■ Instructions to follow
Set down the lines below, exactly, starting at the one that contains "A geometric stool" and stopping at the last line, inclusive. Omit pictures.

[Collected material Boundary: Start]

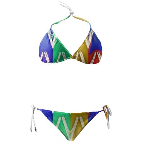 String bikini with ties at the neck bust and hips. Throw it in a bag and head to the beach!
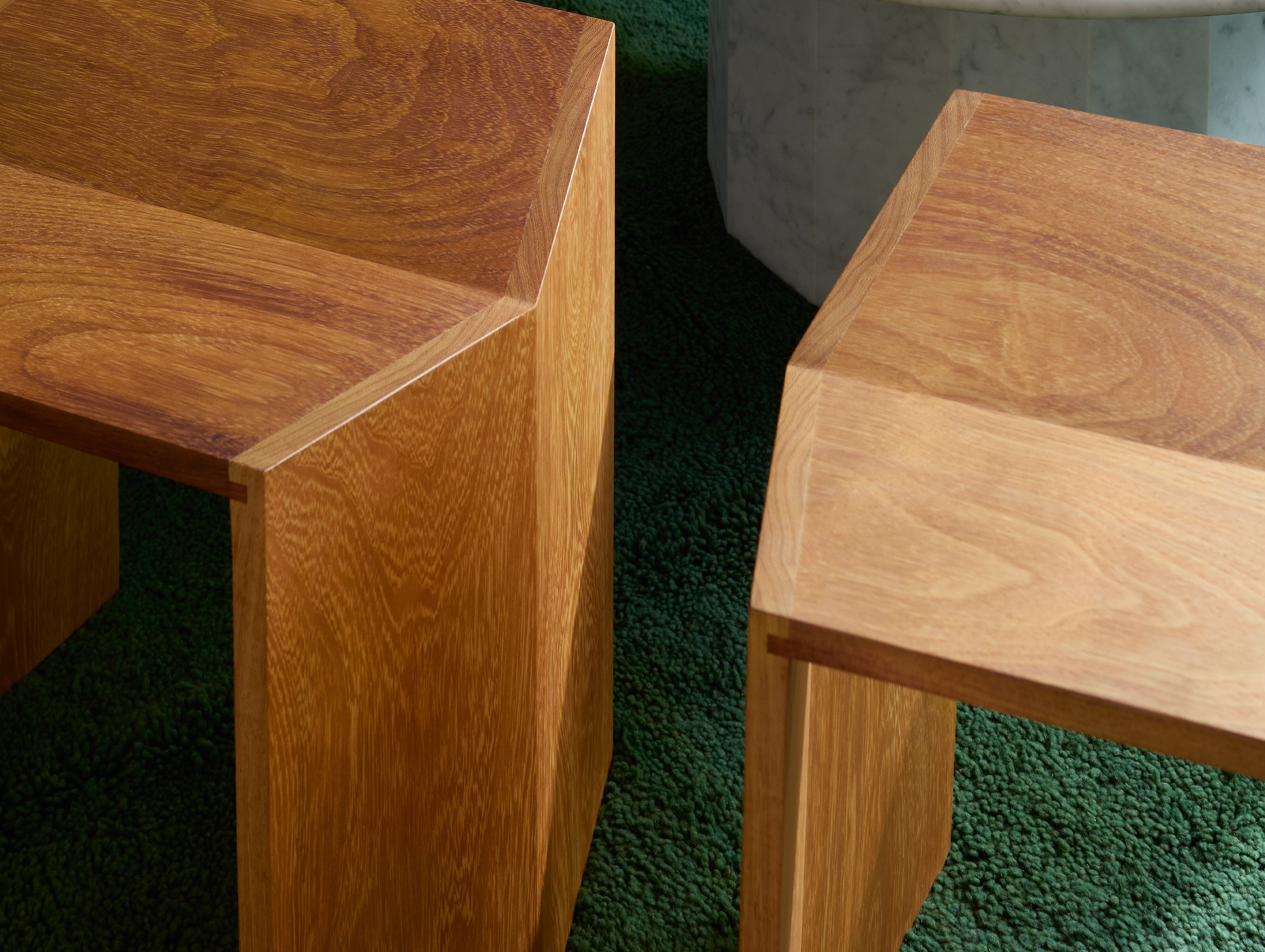 A geometric stool crafted from solid Iroko wood from the west coast of Africa
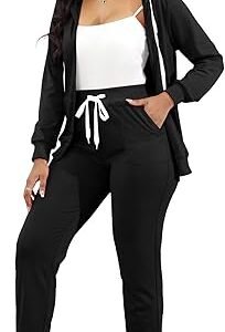 Women’s 2Piece Tracksuit Set – ZipUp Sweatshirt & Jogger Sweatpants Outfit
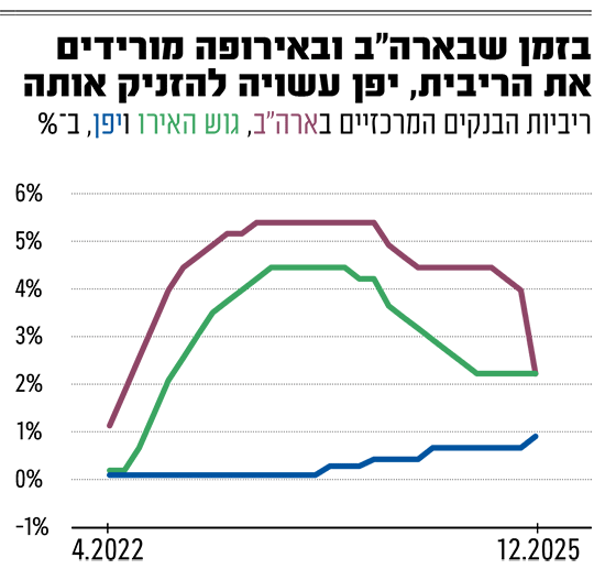 יפן נערכת להעלות את הריבית דווקא כשהעולם מוריד: הבנק המרכזי של המדינה (BoJ) צפוי להעלות את הריבית בדצמבר לרמה של 0.75% מ־0.5% היום, בזמן שהריבית של שאר הבנקים המרכזיים במערב במגמת ירידה. זאת, ברקע המערבולת בה נמצאת הכלכלה הרביעית בגודלה בעולם: המטבע נחלש, החוב תופח, איגרות החוב הממשלתיות בנפילה, התוצר מתכווץ, האינפלציה מסרבת להגיע ליעד, סכנת הסלמה מול סין - ומעל הכול התוכנית הכלכלית הרחבה של הממשלה לתמרוץ הכלכלה.

[Collected material Boundary: End]

■ Finished exercise
 A geometric stool crafted from solid Iroko wood from the west coast of Africa
 Women’s 2Piece Tracksuit Set – ZipUp Sweatshirt & Jogger Sweatpants Outfit
 יפן נערכת להעלות את הריבית דווקא כשהעולם מוריד: הבנק המרכזי של המדינה (BoJ) צפוי להעלות את הריבית בדצמבר לרמה של 0.75% מ־0.5% היום, בזמן שהריבית של שאר הבנקים המרכזיים במערב במגמת ירידה. זאת, ברקע המערבולת בה נמצאת הכלכלה הרביעית בגודלה בעולם: המטבע נחלש, החוב תופח, איגרות החוב הממשלתיות בנפילה, התוצר מתכווץ, האינפלציה מסרבת להגיע ליעד, סכנת הסלמה מול סין - ומעל הכול התוכנית הכלכלית הרחבה של הממשלה לתמרוץ הכלכלה.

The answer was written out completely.